— GIVEN INFORMATION —
==============================
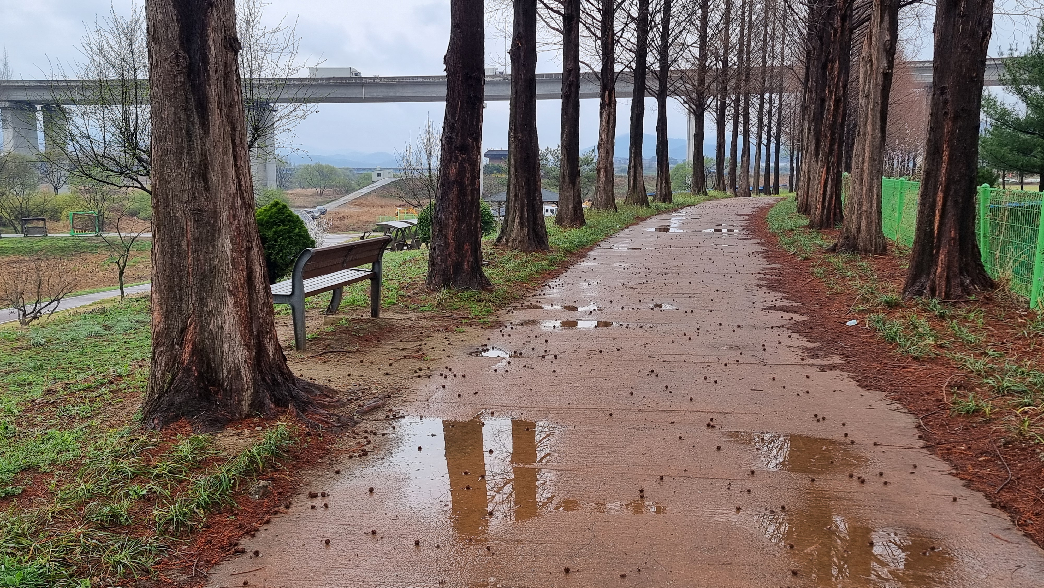 2026년 4월 10일 금요일날이 싸늘하다.그래도 봄이다.개나리가 노랗게 나를 가까이 오라고 유혹한다. 메타세쿼이아도 이제 푸릇한 기운이 돋는 듯하다. 사진으로 그걸 자세히 나타내지 못하겠다. 여기도 봄기운이 돋는다. 복숭아꽃이 메타세쿼이아길 옆에서 환히 폈다. 안 쳐다볼 수 없다. 청룡리 둑길을 걷는데 바람이 차다. 그래도 의무감으로 나는 걸었다. 걷다가 돌모루 아주머니와 면사무소 앞 심 씨 아저씨를 만났다. 반가운 분들이다. 열심히 사는 사람들이다. 메타세쿼이아는 오늘도 봄을 맞이하고 있다. 오늘 순간적으로 작은 새 한 마리를 만났다. 참새 같은데 순간적으로 얼른 순간 포착한 모양이다. 그냥 지나치려다가 또다시 활짝 핀 개나리를 다시 본다. 지금 어디를 가나 벚꽃이 한창이다. 자세히 보면 벚꽃도 여러..
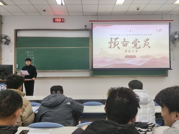 11月30日晚上七时,公司20级能动与新能源本科生党支部于讲堂群西廊101教室召开党员大会,会议由党支部书记孔令剑同志主持,大会根据《中国共产党章程》和《中国共产党发展党员工作细则》要求,主要研究讨论吸收杨岳龙、陈浩宇等五名发展对象为预备党员的问题。
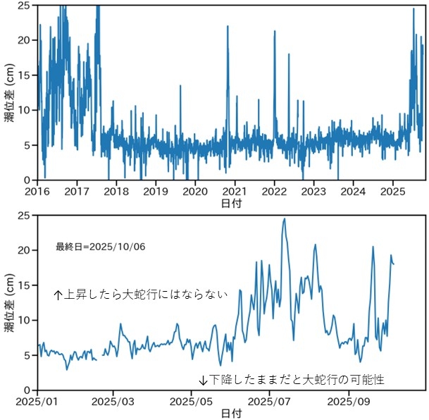 黒潮大蛇行の特徴のもう一つの特徴は、黒潮が八丈島の北を通ることです。八丈島の南を黒潮を通ると、八丈島の潮位が下がることが知られています(「黒潮が八丈島の南を流れているのをどうやって観測で確認するの?」参照)。八丈島の潮位は、東京大学大気海洋研究所の藤尾伸三准教授のウェブサイト「潮位データを用いた黒潮モニタリング」で見ることができます。図5は、このサイトから八丈島での潮位のこの10年の変化をグラフ作成したものです。黒潮大蛇行が始まって以来、短期間を除き、八丈島の潮位は高い状態が続いてきました。大蛇行が終息した後、潮位は低下しました。その後、ある程度上昇しましたが、直近のデータは再び下降に転じています。これも黒潮大蛇行にならない兆候です。
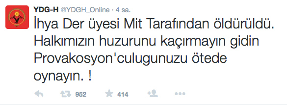 Emre Uslu’nun ardından PKK’nın ‘gençlik yapılanması’ adı altındaki şehir militanları da twitter’dan attıkları mesaj da MİT’I hedef aldı. YDGH hesabından “İhya Der üyesi MİT tarafından öldürüldü” diyerek olayın PKK ile alakası olmadığını öne sürdü.
==============================
— PROBLEM STATEMENT —
Restate every line above exactly, omitting images.

— TASK ANSWER —
 2026년 4월 10일 금요일날이 싸늘하다.그래도 봄이다.개나리가 노랗게 나를 가까이 오라고 유혹한다. 메타세쿼이아도 이제 푸릇한 기운이 돋는 듯하다. 사진으로 그걸 자세히 나타내지 못하겠다. 여기도 봄기운이 돋는다. 복숭아꽃이 메타세쿼이아길 옆에서 환히 폈다. 안 쳐다볼 수 없다. 청룡리 둑길을 걷는데 바람이 차다. 그래도 의무감으로 나는 걸었다. 걷다가 돌모루 아주머니와 면사무소 앞 심 씨 아저씨를 만났다. 반가운 분들이다. 열심히 사는 사람들이다. 메타세쿼이아는 오늘도 봄을 맞이하고 있다. 오늘 순간적으로 작은 새 한 마리를 만났다. 참새 같은데 순간적으로 얼른 순간 포착한 모양이다. 그냥 지나치려다가 또다시 활짝 핀 개나리를 다시 본다. 지금 어디를 가나 벚꽃이 한창이다. 자세히 보면 벚꽃도 여러..
 11月30日晚上七时,公司20级能动与新能源本科生党支部于讲堂群西廊101教室召开党员大会,会议由党支部书记孔令剑同志主持,大会根据《中国共产党章程》和《中国共产党发展党员工作细则》要求,主要研究讨论吸收杨岳龙、陈浩宇等五名发展对象为预备党员的问题。
 黒潮大蛇行の特徴のもう一つの特徴は、黒潮が八丈島の北を通ることです。八丈島の南を黒潮を通ると、八丈島の潮位が下がることが知られています(「黒潮が八丈島の南を流れているのをどうやって観測で確認するの?」参照)。八丈島の潮位は、東京大学大気海洋研究所の藤尾伸三准教授のウェブサイト「潮位データを用いた黒潮モニタリング」で見ることができます。図5は、このサイトから八丈島での潮位のこの10年の変化をグラフ作成したものです。黒潮大蛇行が始まって以来、短期間を除き、八丈島の潮位は高い状態が続いてきました。大蛇行が終息した後、潮位は低下しました。その後、ある程度上昇しましたが、直近のデータは再び下降に転じています。これも黒潮大蛇行にならない兆候です。
 Emre Uslu’nun ardından PKK’nın ‘gençlik yapılanması’ adı altındaki şehir militanları da twitter’dan attıkları mesaj da MİT’I hedef aldı. YDGH hesabından “İhya Der üyesi MİT tarafından öldürüldü” diyerek olayın PKK ile alakası olmadığını öne sürdü.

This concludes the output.